• _What the exercise asks_
All of the records below must be reproduced exactly, minus any pictures.

• _Supplied records_
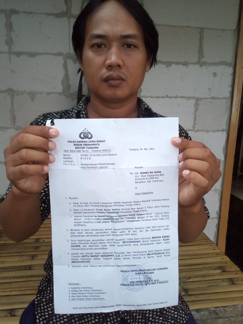 Berdasarkan Surat Tanda Penerima Laporan Polisi Nomor STPLP/3/V/2021/Unit Reskrim. Kinerja jajaran satuan Reserse Kriminal (Reskrim) Tukdana tidak bisa diinterfensi oleh siapa pun kerja Reskrik berdasarkan aturan,sebagai bukti keseriusan Reskrim polsek Tukdana telah melakukan pangilan para saksi dan telah mengeluarkan Surat Nomor SP2HP 30/V/2021/ Unit Reskrim (Pemberitahuan Perkembangan Hasil Penelitian Laporan) Tanggal 29 Mei 2021 dengan tembusan Kapolres Indramayu, Kabag Ops Polres Indramayu, KasatReskrim Polres Indramayu, Kasi Was Polres Indramayu dan Kasi Propam Polres Indramayu.
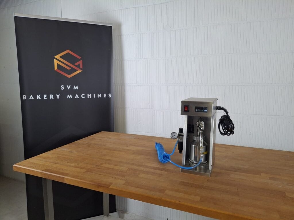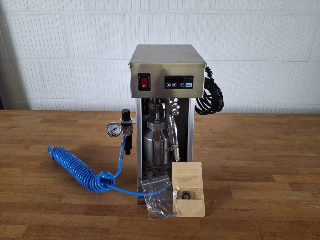 Dit showroommodel van de Choco Basic is een compacte chocolade spuitmachine en ideaal voor nauwkeurige en probleemloze verwerking van chocolade, coating of ganache. Uitgerust met een speciaal lage druk spuitpistool met onderbeker, een warmhoud-unit en een spuitdruk regelaar, biedt deze machine een constante verwerkingstemperatuur en is altijd gebruiksklaar. Dankzij het handzame tafelmodel is de machine eenvoudig te bedienen en te reinigen.
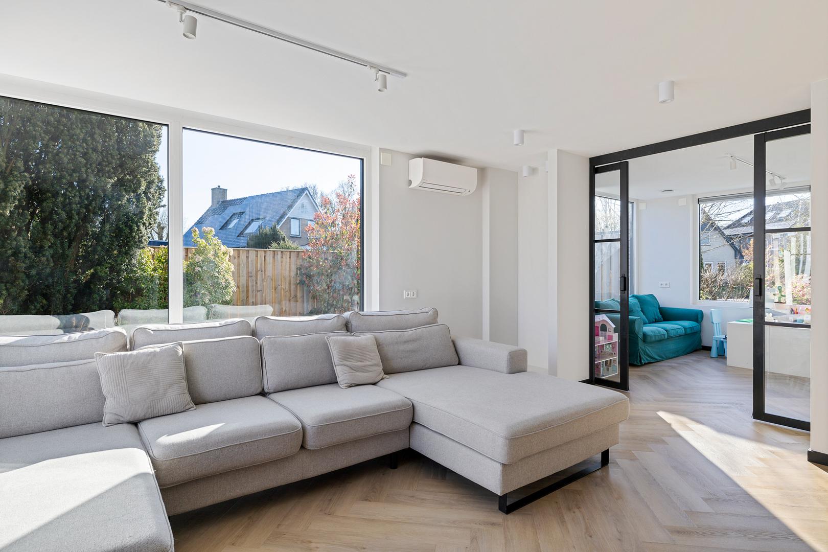 Geen wand of leiding is overgeslagen. Alle muren zijn strak gestuukt, het kozijnwerk is volledig vernieuwd (inclusief horren) en het dak is uitstekend geïsoleerd met 17 cm glaswol. De nieuwe badkamer met ligbad en regendouche maakt het luxegevoel compleet.
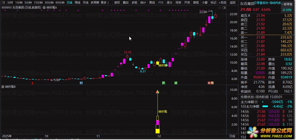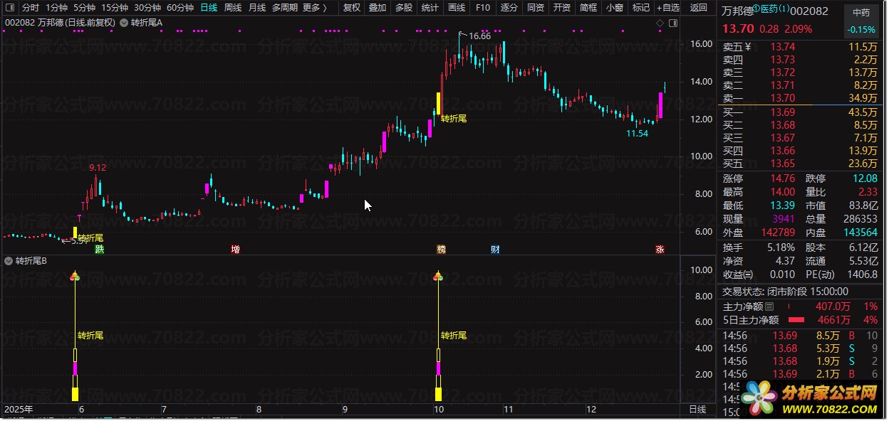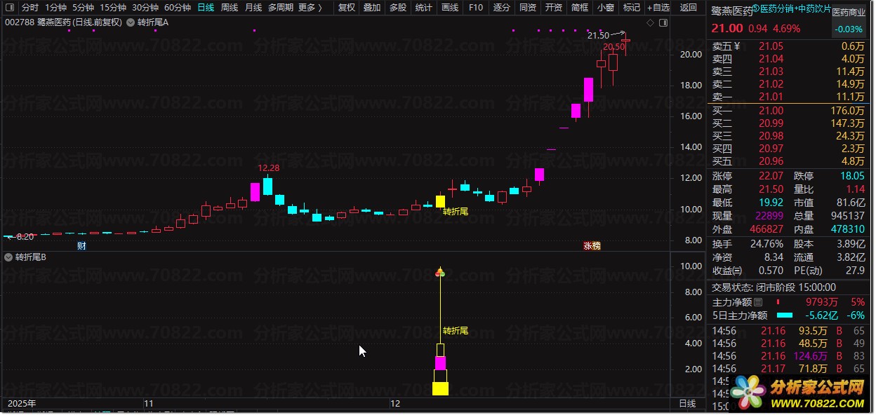 〖2026转折尾〗—————主副图+选股 无未来函数 源码 本指标包含:1个主图+1个副图+1个选股
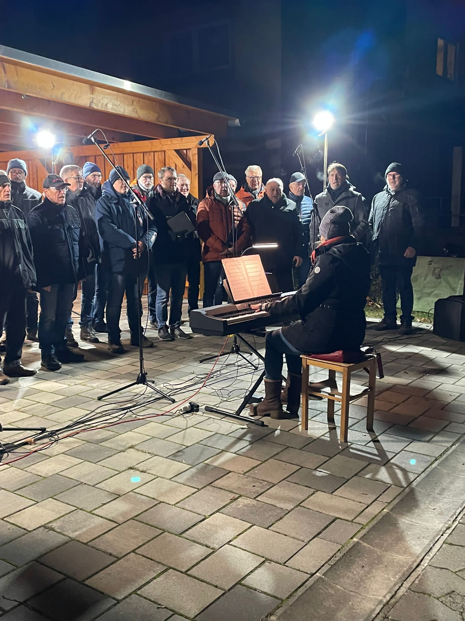 Der MGV Seershausen hatte zum Singen unter dem Weihnachtsbaum Ecke Peiner Straße/Ohofer Weg geladen und knapp 100 zuhörende Bürger aus Seershausen und Umgebung weilten der Veranstaltung. Neben Feuertonnen sowie heißen und kalten Getränken gab es auch kleine Leckereien auf Spendenbasis. Der MGV präsentierte sich mit samt neuer Tontechnikanlage den Zuschauenden und eröffnete das Minikonzert mit „Bald ist wieder Weihnachtszeit“.

• _Exercise result_
 Berdasarkan Surat Tanda Penerima Laporan Polisi Nomor STPLP/3/V/2021/Unit Reskrim. Kinerja jajaran satuan Reserse Kriminal (Reskrim) Tukdana tidak bisa diinterfensi oleh siapa pun kerja Reskrik berdasarkan aturan,sebagai bukti keseriusan Reskrim polsek Tukdana telah melakukan pangilan para saksi dan telah mengeluarkan Surat Nomor SP2HP 30/V/2021/ Unit Reskrim (Pemberitahuan Perkembangan Hasil Penelitian Laporan) Tanggal 29 Mei 2021 dengan tembusan Kapolres Indramayu, Kabag Ops Polres Indramayu, KasatReskrim Polres Indramayu, Kasi Was Polres Indramayu dan Kasi Propam Polres Indramayu.
 Dit showroommodel van de Choco Basic is een compacte chocolade spuitmachine en ideaal voor nauwkeurige en probleemloze verwerking van chocolade, coating of ganache. Uitgerust met een speciaal lage druk spuitpistool met onderbeker, een warmhoud-unit en een spuitdruk regelaar, biedt deze machine een constante verwerkingstemperatuur en is altijd gebruiksklaar. Dankzij het handzame tafelmodel is de machine eenvoudig te bedienen en te reinigen.
 Geen wand of leiding is overgeslagen. Alle muren zijn strak gestuukt, het kozijnwerk is volledig vernieuwd (inclusief horren) en het dak is uitstekend geïsoleerd met 17 cm glaswol. De nieuwe badkamer met ligbad en regendouche maakt het luxegevoel compleet.
 〖2026转折尾〗—————主副图+选股 无未来函数 源码 本指标包含:1个主图+1个副图+1个选股
 Der MGV Seershausen hatte zum Singen unter dem Weihnachtsbaum Ecke Peiner Straße/Ohofer Weg geladen und knapp 100 zuhörende Bürger aus Seershausen und Umgebung weilten der Veranstaltung. Neben Feuertonnen sowie heißen und kalten Getränken gab es auch kleine Leckereien auf Spendenbasis. Der MGV präsentierte sich mit samt neuer Tontechnikanlage den Zuschauenden und eröffnete das Minikonzert mit „Bald ist wieder Weihnachtszeit“.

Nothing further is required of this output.